▸ TO DO
The full listing is to be transcribed exactly, with each picture left out.

:: COLLECTED DATA

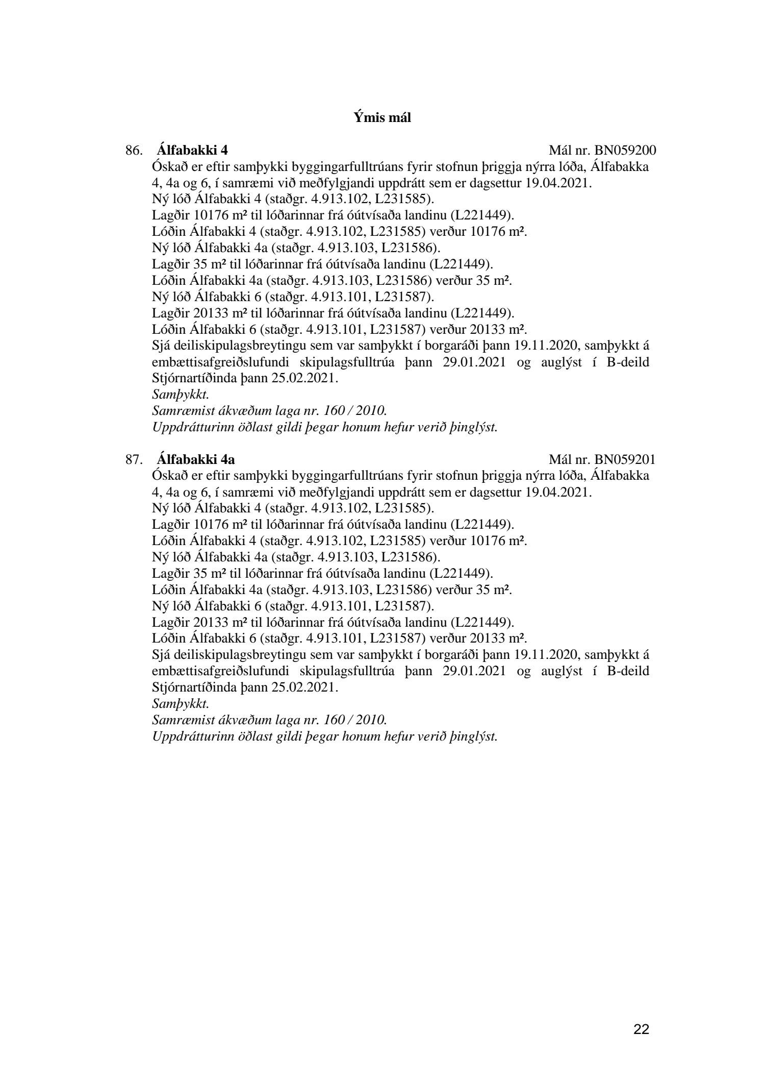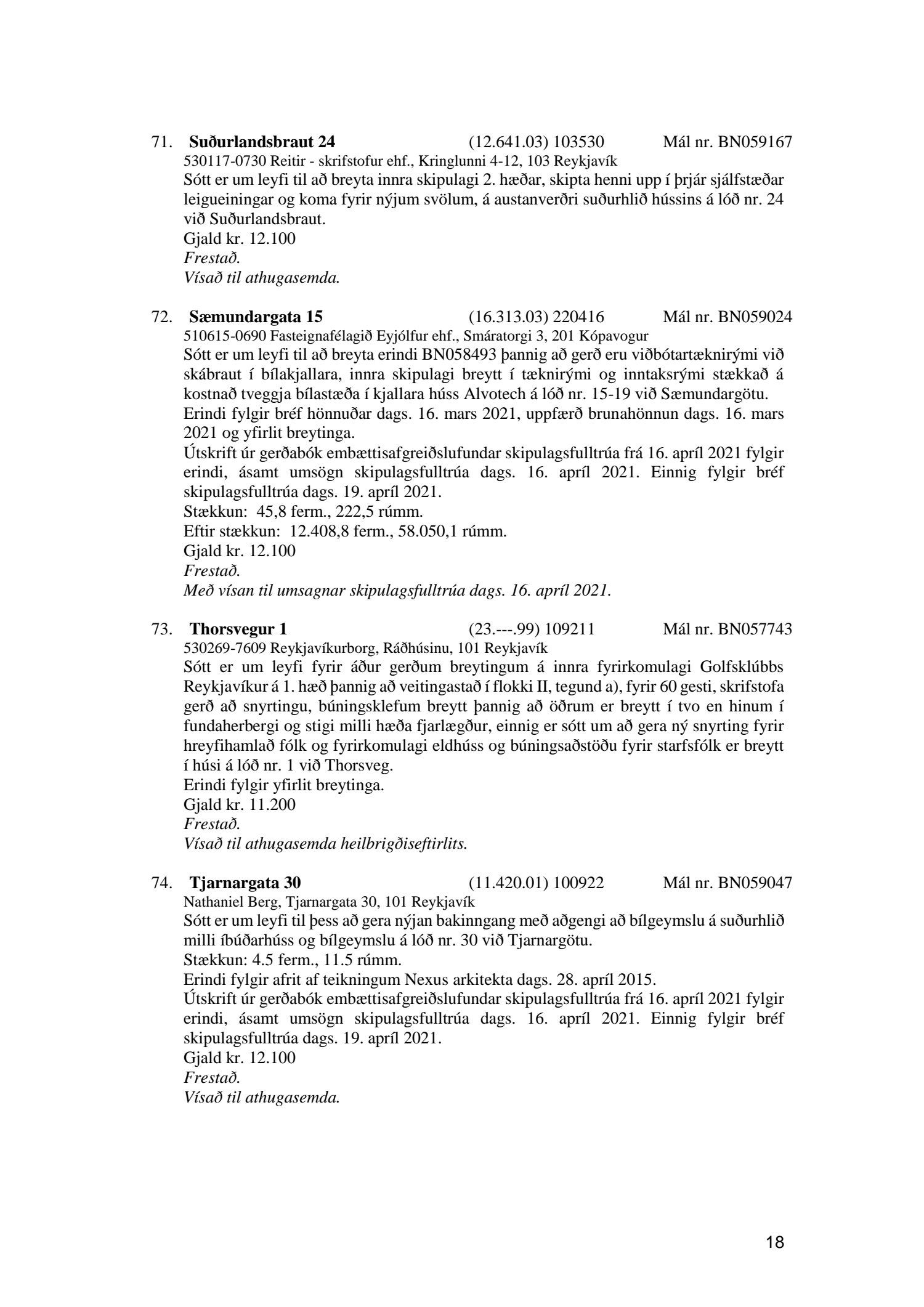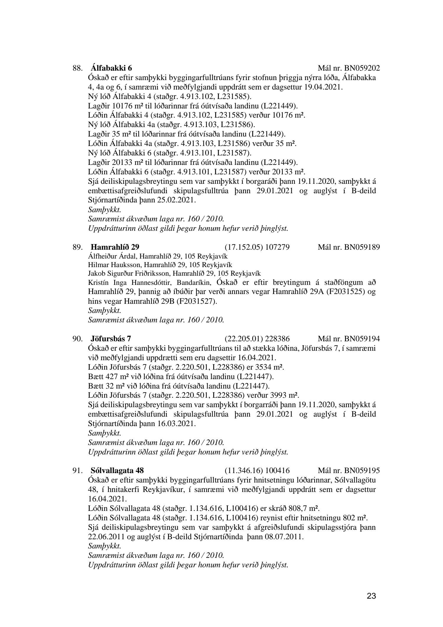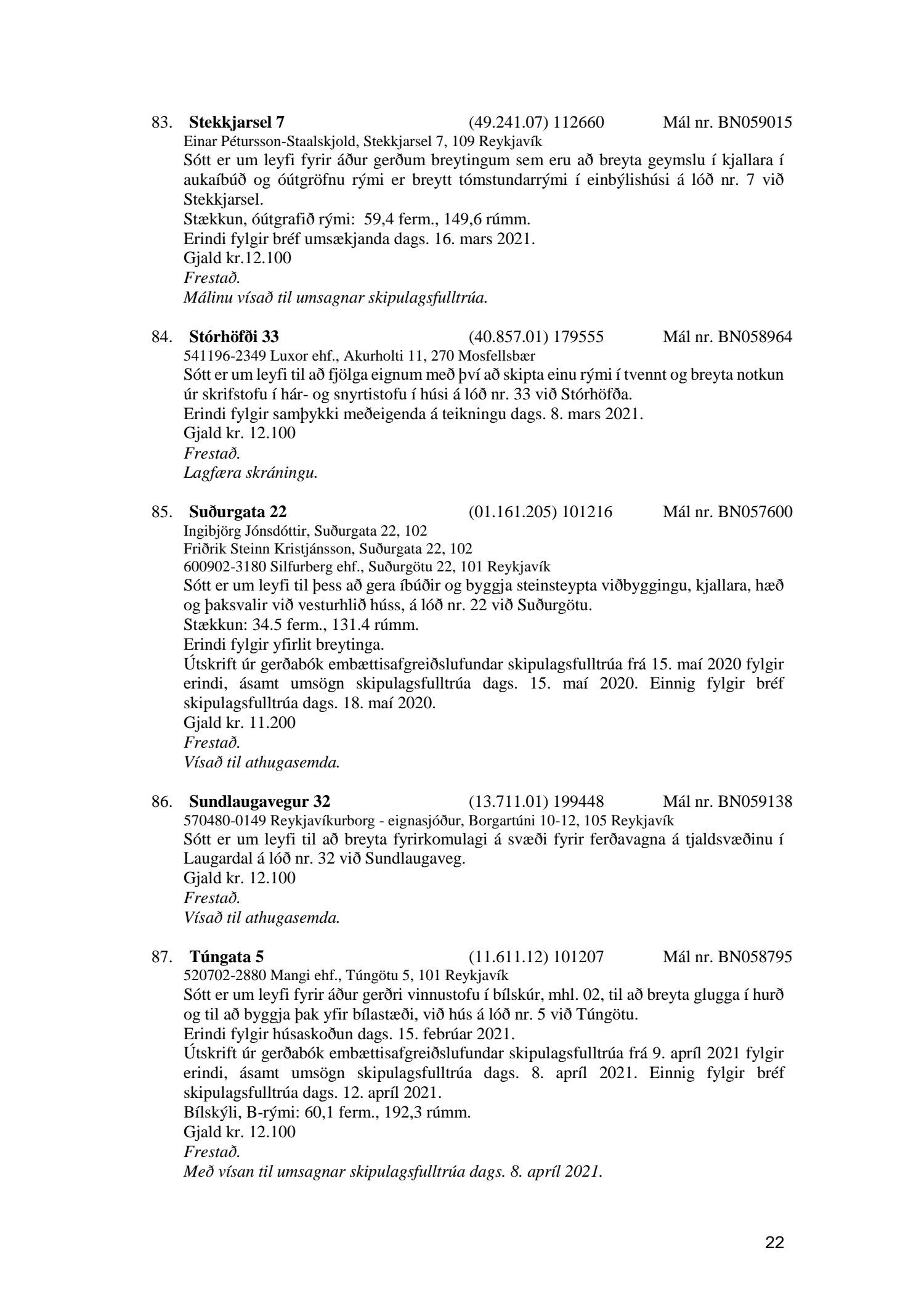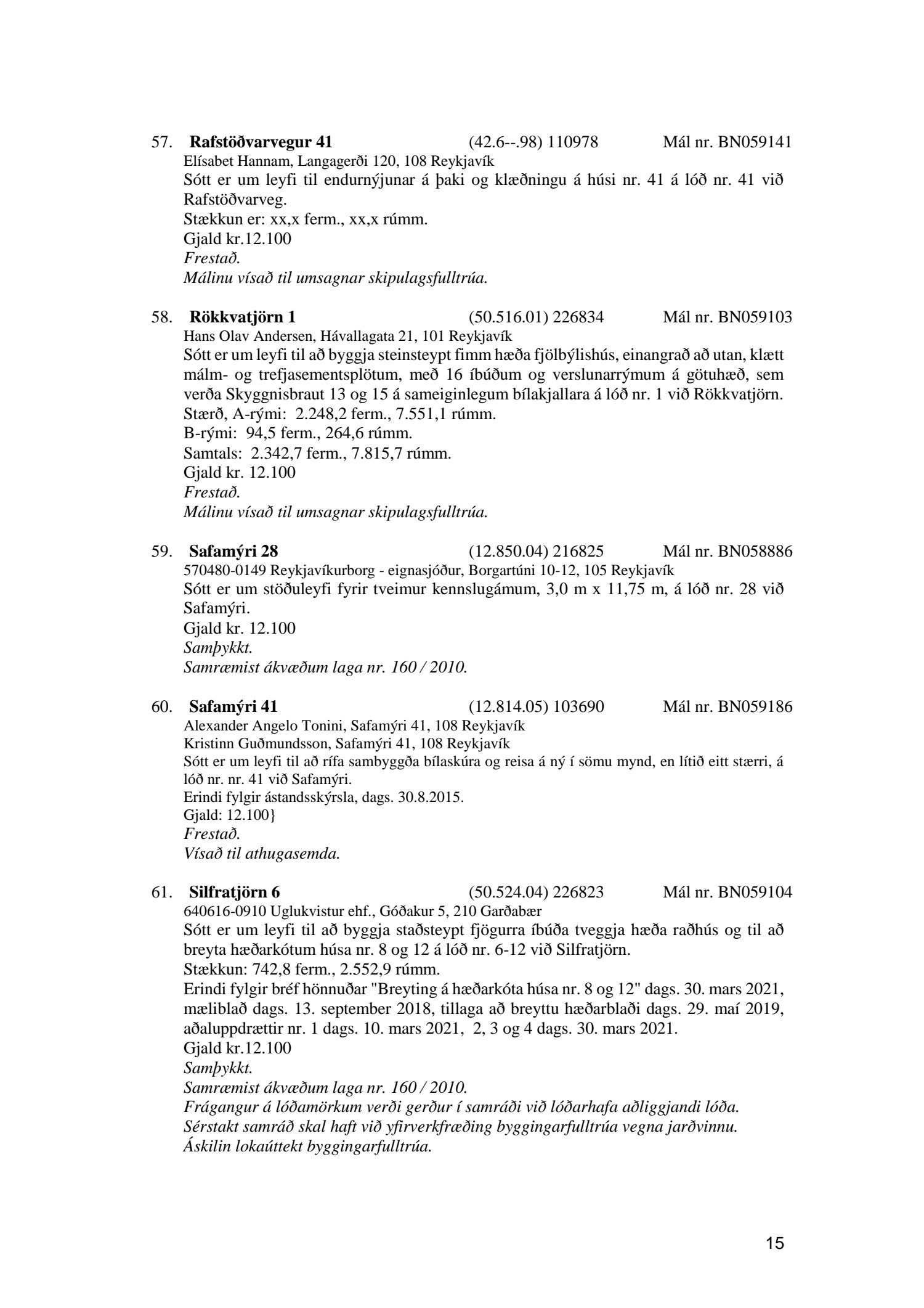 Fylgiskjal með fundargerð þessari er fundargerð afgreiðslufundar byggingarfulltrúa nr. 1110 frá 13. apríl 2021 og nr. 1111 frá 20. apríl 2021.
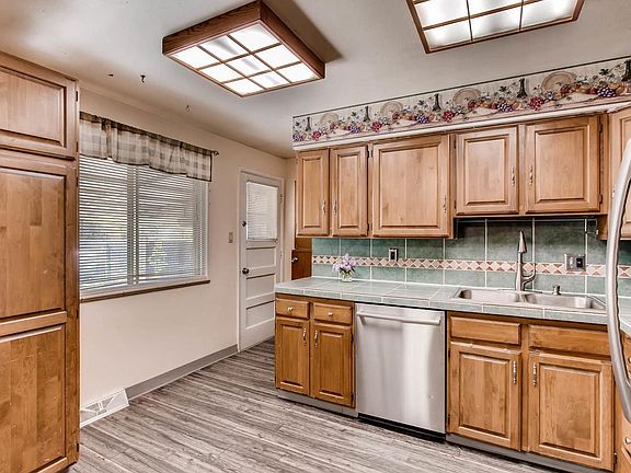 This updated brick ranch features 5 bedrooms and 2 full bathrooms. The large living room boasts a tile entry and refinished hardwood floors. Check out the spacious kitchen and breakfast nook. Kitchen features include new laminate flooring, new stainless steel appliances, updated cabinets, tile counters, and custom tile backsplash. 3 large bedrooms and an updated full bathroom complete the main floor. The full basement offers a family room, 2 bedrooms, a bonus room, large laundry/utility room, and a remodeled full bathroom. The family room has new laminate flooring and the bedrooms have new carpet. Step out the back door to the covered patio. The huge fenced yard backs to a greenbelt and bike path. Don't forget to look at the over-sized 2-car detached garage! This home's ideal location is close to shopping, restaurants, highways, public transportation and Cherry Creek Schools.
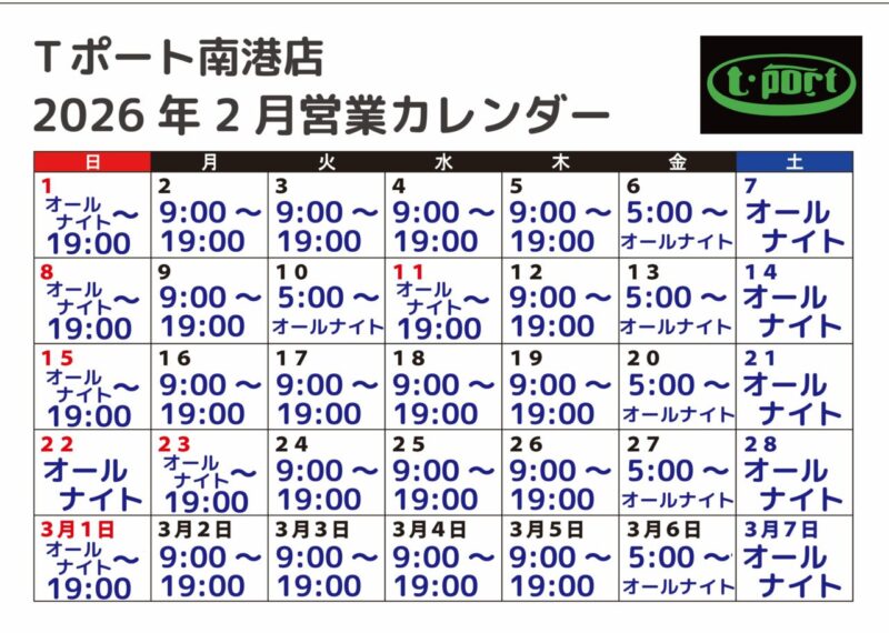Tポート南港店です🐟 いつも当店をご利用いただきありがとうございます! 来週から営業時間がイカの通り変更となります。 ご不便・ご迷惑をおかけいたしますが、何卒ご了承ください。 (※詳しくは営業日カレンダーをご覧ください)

::::

▸ EXPECTED ANSWER
 Fylgiskjal með fundargerð þessari er fundargerð afgreiðslufundar byggingarfulltrúa nr. 1110 frá 13. apríl 2021 og nr. 1111 frá 20. apríl 2021.
 This updated brick ranch features 5 bedrooms and 2 full bathrooms. The large living room boasts a tile entry and refinished hardwood floors. Check out the spacious kitchen and breakfast nook. Kitchen features include new laminate flooring, new stainless steel appliances, updated cabinets, tile counters, and custom tile backsplash. 3 large bedrooms and an updated full bathroom complete the main floor. The full basement offers a family room, 2 bedrooms, a bonus room, large laundry/utility room, and a remodeled full bathroom. The family room has new laminate flooring and the bedrooms have new carpet. Step out the back door to the covered patio. The huge fenced yard backs to a greenbelt and bike path. Don't forget to look at the over-sized 2-car detached garage! This home's ideal location is close to shopping, restaurants, highways, public transportation and Cherry Creek Schools.
Tポート南港店です🐟 いつも当店をご利用いただきありがとうございます! 来週から営業時間がイカの通り変更となります。 ご不便・ご迷惑をおかけいたしますが、何卒ご了承ください。 (※詳しくは営業日カレンダーをご覧ください)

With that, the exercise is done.